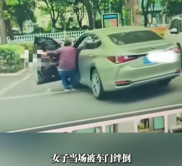 致命的是她忘记拉手刹,很多司机都有这毛病,因为路面是个斜坡,失去制动的车辆在开始缓慢、无声地向后溜车。在她惨遭绊倒,车辆向后溜,车门却还开着,严女士的身体还在车门外,向后滑动的车门直接卡在她的腿上,整个人面朝地被绊倒。
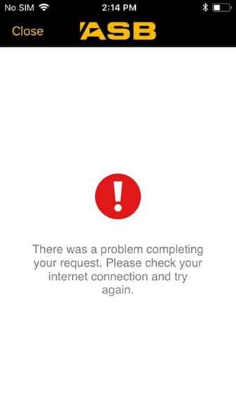 Why do I see the error “There was a problem completing your request. Please check your internet connection and try again” when I want to view a document in the ASB Mobile app?
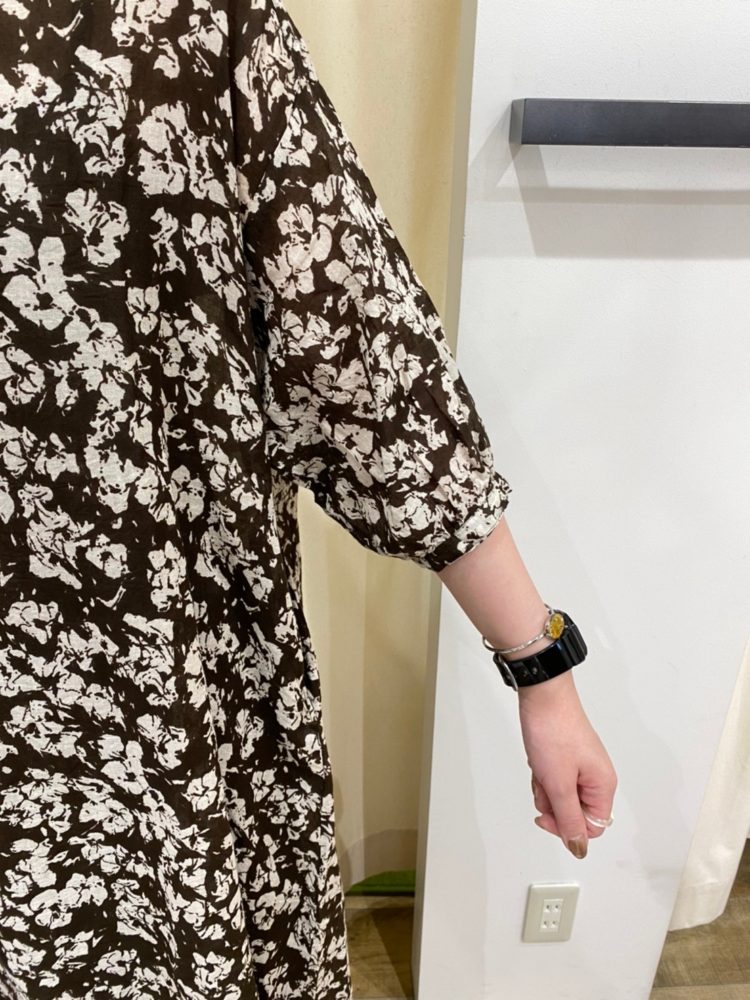 こちらのワンピースは、全身花柄ですがどこかレトロ感も感じられる、派手過ぎず普段使いしやすい1枚。

____

» Task instructions
Could you print the listing above exactly, without the pictures?

» Problem solution
 致命的是她忘记拉手刹,很多司机都有这毛病,因为路面是个斜坡,失去制动的车辆在开始缓慢、无声地向后溜车。在她惨遭绊倒,车辆向后溜,车门却还开着,严女士的身体还在车门外,向后滑动的车门直接卡在她的腿上,整个人面朝地被绊倒。
 Why do I see the error “There was a problem completing your request. Please check your internet connection and try again” when I want to view a document in the ASB Mobile app?
 こちらのワンピースは、全身花柄ですがどこかレトロ感も感じられる、派手過ぎず普段使いしやすい1枚。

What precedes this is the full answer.